Regimen simplification to atazanavir-ritonavir alone as maintenance antiretroviral therapy after sustained virologic suppression

Susan Swindells et al. JAMA. 2006.

Abstract

Context: The long-term adverse effects, expense, and difficulty of adherence to antiretroviral regimens have led to studies of simpler maintenance therapies. Maintenance therapy with ritonavir-boosted atazanavir alone is a possible option because of low pill burden, once-daily dosing, safety, and unique resistance profile.

Objective: To assess whether simplified maintenance therapy with atazanavir-ritonavir alone after virologic suppression increases the risk of virologic failure (2 consecutive human immunodeficiency virus type 1 [HIV-1] RNA measurements of > or =200 copies/mL).
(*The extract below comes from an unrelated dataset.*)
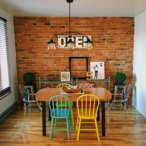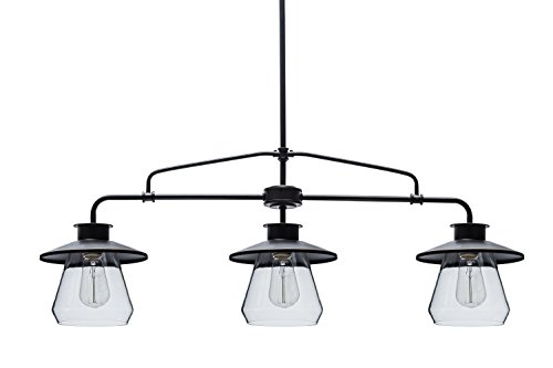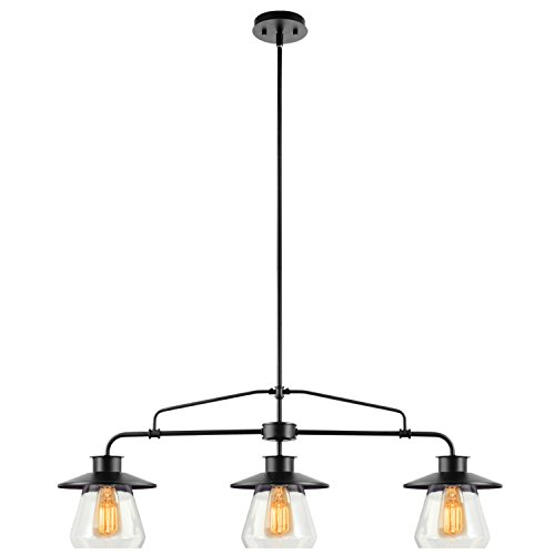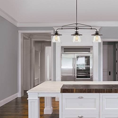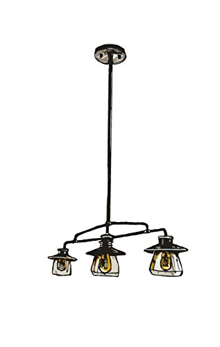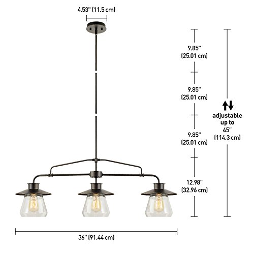 Fashioned after vintage inspired lighting Globe Electric’s 3-Light Vintage Pendant adds a rustic industrial feel to any room. Hanging from a metal rod that can be adjusted in three places you can customize this fixture to your desired look and lighting needs. Fully compatible with dimmable LED bulbs and dimmer switch the clear glass shades and exposed bulbs easily create lighting ambiance and different moods. Ideal for use in kitchens, restaurants, bars, and dining rooms. Includes all mounting hardware for quick and easy installation and requires three 60W E26 vintage inspired light bulbs (sold separately).Feature

Design, setting, and participants: Single-group, open-label, multicenter, 24-week pilot study of 36 HIV-infected adults with virologic suppression for 48 weeks or longer receiving their first protease inhibitor (PI)-based regimen. The study was conducted between September 1, 2004, and April 18, 2006, at 12 participating AIDS clinical trial units in the United States.
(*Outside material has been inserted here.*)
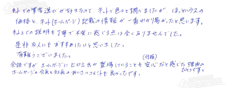 ネットでの業者選びが好きなので、ネットで色々と調べましたが、ほっとハウスの

Intervention: Participants switched PIs to atazanavir-ritonavir at entry and discontinued nucleoside analog reverse transcriptase inhibitors (NRTIs) after 6 weeks.

Main outcome measures: Virologic failure within 24 weeks of discontinuing NRTIs. Other measures included HIV-1 drug resistance, plasma atazanavir concentrations, adverse events, CD4 cell counts, plasma lipid levels, and HIV-1 RNA levels in seminal plasma.
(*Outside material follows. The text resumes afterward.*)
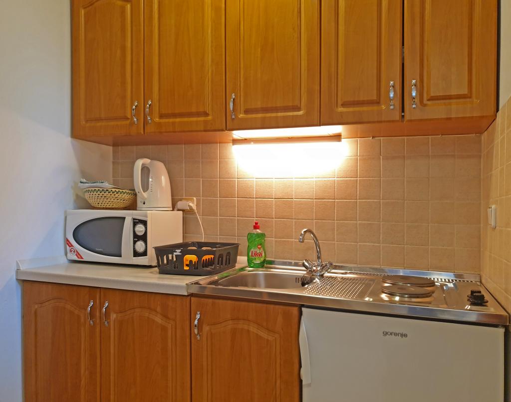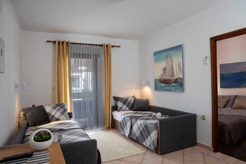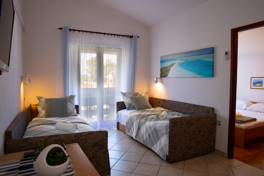 Apartmani uredni i čisti te opremljeni svime što je potrebno za kraći i duži boravak. Vlasnik je susretljiv, pristupačan i voljan pomoći oko svega. Plaže su doslovno nadohvat ruke, minuta hoda (s malim djetetom) na koju god stranu krenete. Hlada možete gotovo uvijek naći, a za djecu ima i fina pješčana plaža sa plitkim morem na kojoj ima mjesta u svako doba dana. Mjesto ima dovoljno kafića, restorana, pizzerija, gift shopova... Auto je doslovno nepotreban (a možete ga ostaviti na rezerviranom parkingu u hladu uz apartman) jer je sve u par minuta hoda. Svaka preporuka za apartman.

Results: Thirty-six participants enrolled and 2 discontinued before simplification to atazanavir-ritonavir alone. Thirty-four patients were included in the analysis of the primary end point after 24 weeks: 1 withdrew voluntarily, and 33 continued the regimen. Virologic success (absence of failure) through 24 weeks of simplified therapy occurred in 91% (31 of 34 patients; lower 90% confidence interval limit = 85%). Three participants experienced virologic failure 12, 14, and 20 weeks after simplification, with plasma HIV-1 RNA levels of 4730, 1285, and 28 397 copies/mL, respectively. Resistance testing at failure did not identify PI resistance mutations. Plasma atazanavir concentrations at failure were low or below detection in 2 of 3 participants experiencing failure. There were no treatment discontinuations for adverse events after simplification; no significant changes in CD4 cell counts or plasma lipid levels; and no detectable HIV-1 RNA in seminal plasma from all 8 participants tested.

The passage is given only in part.